Over the last few months, many important pieces of legislation were introduced into the 116th U.S. Congress concerning veterans’ benefits. These bills directly address the increasing concerns over the health care that veterans receive from the Department of Veteran Affairs (VA).

Commitment to Veteran Support and Outreach Act (H.R. 5516)

This bill was introduced on December 19, 2019; sponsored by Rep. Mike Levin (D-CA-49). It would amend Title 38, United States Code, Chapter 63-Outreach Activities to include a new section: § 6307 – Contracts and Grants, to promote health and wellness, prevent suicide, and improve outreach to veterans.

The purpose of the bill is to provide assistance to veterans and the spouses, children, and parents of veterans, to ensure that they are fully informed about, and assisted in applying for, any veterans and veterans-related benefits and programs for which they may be eligible. H.R. 5516 would authorize the VA to enter into a contract with a state government in order to carry out, coordinate, improve, or otherwise enhance health and wellness programs, comprehensive veteran suicide prevention programs, and improve outreach to veterans by the VA and the state.

The bill currently has 10 cosponsors and has been referred to the House Veterans Affairs Committee for further consideration.

Improving Safety and Security for Veterans Act of 2020 (H.R. 5616)

This bill was introduced on Jan. 15; sponsored by Rep. David McKinley (R-WV-01). It would require the Secretary of Veterans Affairs to submit a report to the Committee on Veterans’ Affairs of both the Senate and House regarding the policies and procedures of the Department relating to patient safety and quality of care, and the steps the VA has taken to improve such care at VA medical centers.

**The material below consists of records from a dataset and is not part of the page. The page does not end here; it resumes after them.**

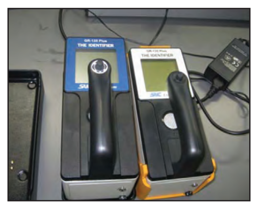
Figure 1-8. GR-135 IdentiFINDER. The IdentiFINDER is automatically in the search and data mode. It displays simultaneously. Should high levels of radiation be detected, the unit gives an eyes-free audio alert to the operator to the location of the source. If radiation levels are high, the unit tells the operator to back off.
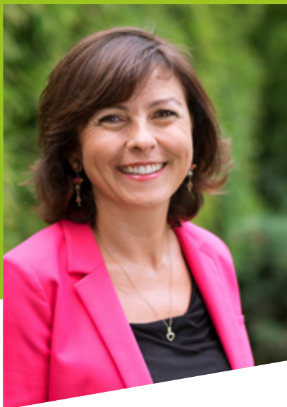
President of the Euroregion

President of the Region of Occitanie / Pyrenees-Mediterranean
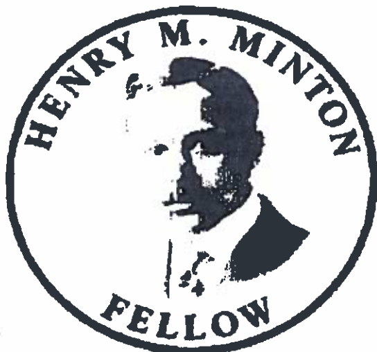
Obverse medal illustration

NOTE: Center image will be sculpted and will look 3-D
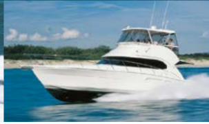
2003 - 47 Open Flybridge SII
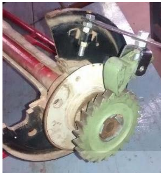
Figure 4: Anti Roll Back Mechanism

The fabricated mechanism is fitted in drive shaft for testing experimentally to check whether the functionality has been achieved (Figure 5). The hand driven lever is turned in forward direction, similar to forward motion of the car, the pawl does not stop the ratchet to rotate. The hand lever is turned in opposite direction similar to the reverse motion of the car in the hill road, and the pawl stops the rotation of the ratchet. So, the drive shaft and the wheels did not rotate. Therefore the reverse motion of the wheels is arrested. The same can be achieved if this model is fitted in the car. This will be the case while fitting this mechanism in the drive shaft of the car. When it has been done the car cannot move in reverse direction in the slope as the pawl locks the ratchet.
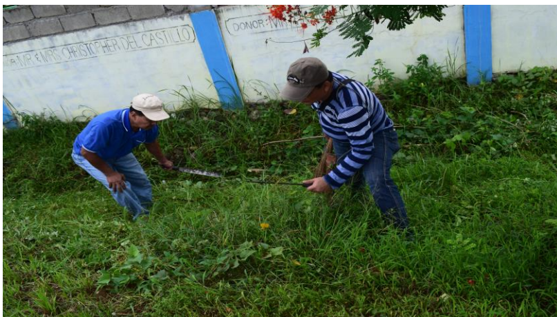
Pictures taken during the DRRM day at barangays Marana 1 st to Manaring, City of Ilagan, Isabela
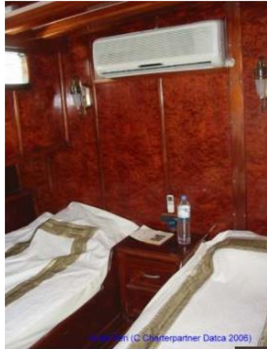
Gulet Peri (C Charterpartner Datca 2006)
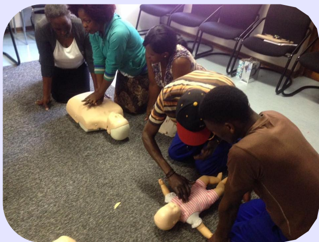
Staff at EBBH practising CPR

Staff of Edith Benson Babies Home (EBBH) cares for 60 children (between ages 1-5) on a daily basis. The staff were equipped with CPR training which lends to the safe environment which we aim to create for our children, the training was provided by Enpower Training Services.
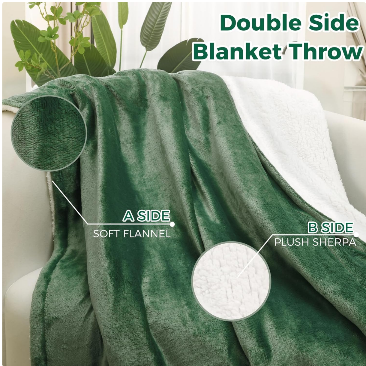
Image: The PROALLER Heated Blanket features a reversible design with soft flannel on one side and plush Sherpa on the other, offering dual textures for comfort.
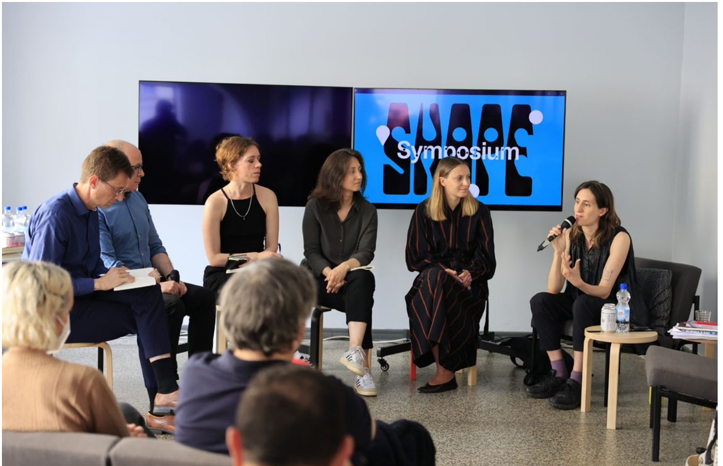
OPEN UP Shape Symposium panel discussion

After any investigation or trial concludes, the VA must also report on the events involving deaths that occurred at the Louis A. Johnson VA Medical Center in Clarksburg, WV, and the actions the VA has taken to prevent any similar reoccurrence.

The legislation went under review by the House Committee on Veterans Affairs before moving to the House floor for future action. It currently has 4 cosponsors.

H.R. 6591

This legislation, currently title-less, is meant to: “ensure that veterans receive timely and effective health care under the Veterans Community Care Program and Veterans Care Agreements during the COVID-19 emergency, and for other purposes.”

This bill was introduced on April 21, sponsored by Rep. Christopher Pappas (D-NH-01). This bill sets forth policies and procedures related to medical care for veterans covered under the Veterans Community Care Program and Veterans Care Agreements during the COVID-19 emergency period.

The bill classifies emergency treatment for COVID-19 as emergency treatment eligible for coverage by the VA, and authorizes covered veterans to receive care for a COVID-19 diagnosis or treatment during the emergency period regardless of whether such care is for a serviceconnected disability. Emergency medical care and COVID-19 care would not require VA preauthorization during the emergency period.

Specifically, the VA must determine whether a veteran who receives emergency care for COVID-19 is an active VA health care participant without regard to whether the veteran has received VA medical care in the two years preceding such emergency care.

The bill has been referred to the House Veterans Affairs Committee for further consideration, and currently has 2 cosponsors.

On behalf of the American Postal Workers Union, AFL-CIO, we thank all of our veterans for their continued service and their multiple sacrifices.